Task item >>
From the listing below, restate word for word the lines from the line containing "Informieren Sie sich" down through the line containing "Miira 3 is a". Exclude pictures.

Task material >>
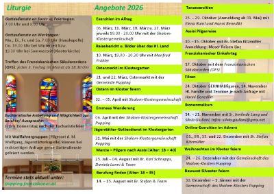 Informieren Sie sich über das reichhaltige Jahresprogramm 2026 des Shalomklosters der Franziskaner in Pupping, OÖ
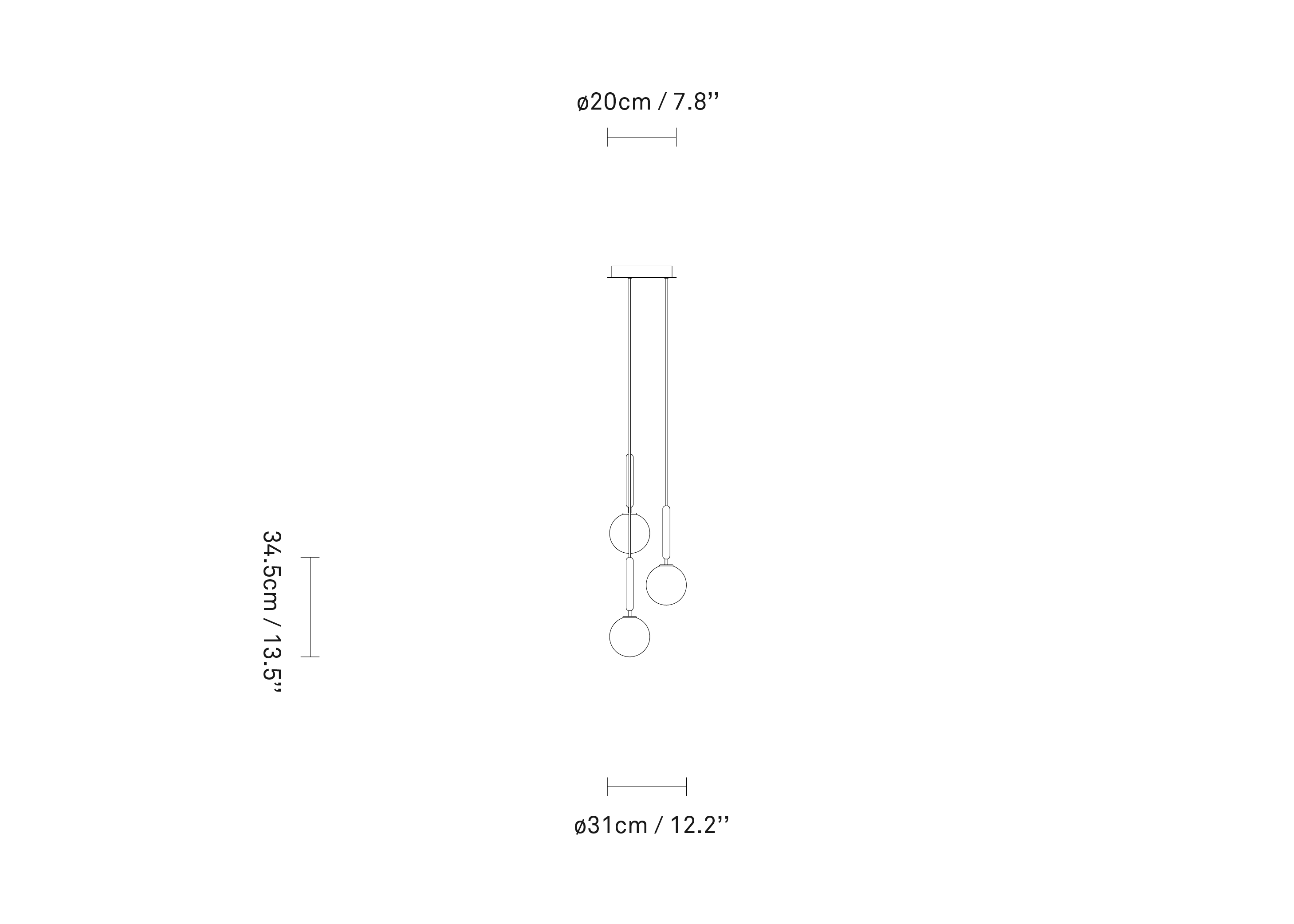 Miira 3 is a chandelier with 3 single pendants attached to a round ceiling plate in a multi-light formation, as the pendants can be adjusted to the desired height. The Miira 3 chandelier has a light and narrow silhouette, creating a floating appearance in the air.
...
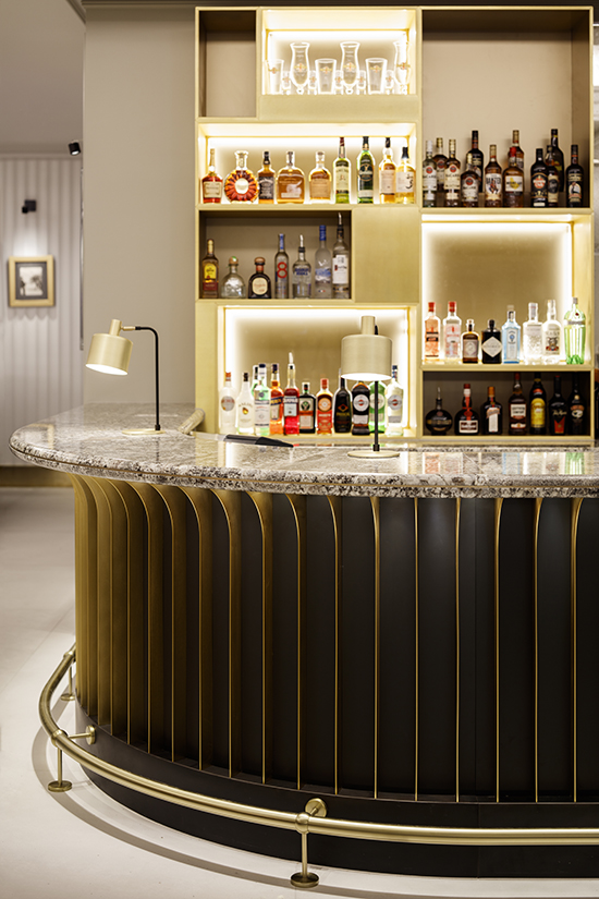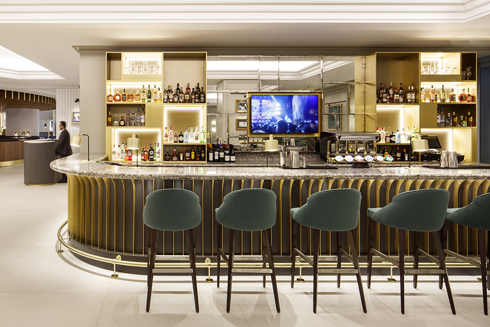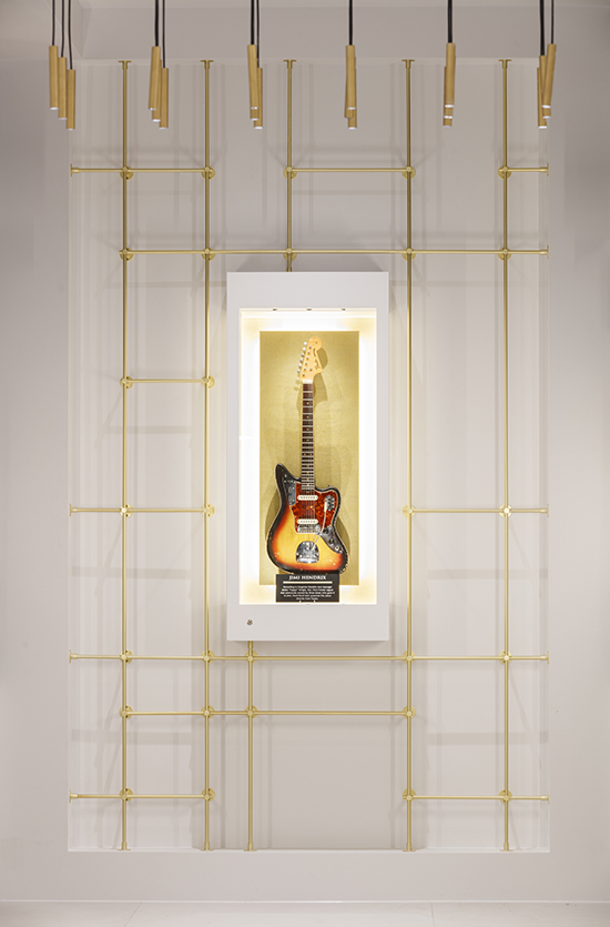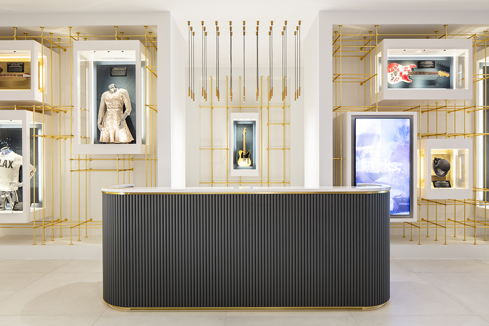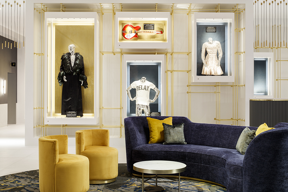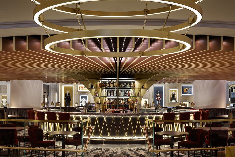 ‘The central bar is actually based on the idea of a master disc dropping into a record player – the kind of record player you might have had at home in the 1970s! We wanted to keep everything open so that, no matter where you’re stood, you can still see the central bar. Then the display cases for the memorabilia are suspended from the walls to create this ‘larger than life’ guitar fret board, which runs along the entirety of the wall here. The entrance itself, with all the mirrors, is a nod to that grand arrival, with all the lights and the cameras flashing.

Exercise solution >>
 Informieren Sie sich über das reichhaltige Jahresprogramm 2026 des Shalomklosters der Franziskaner in Pupping, OÖ
 Miira 3 is a chandelier with 3 single pendants attached to a round ceiling plate in a multi-light formation, as the pendants can be adjusted to the desired height. The Miira 3 chandelier has a light and narrow silhouette, creating a floating appearance in the air.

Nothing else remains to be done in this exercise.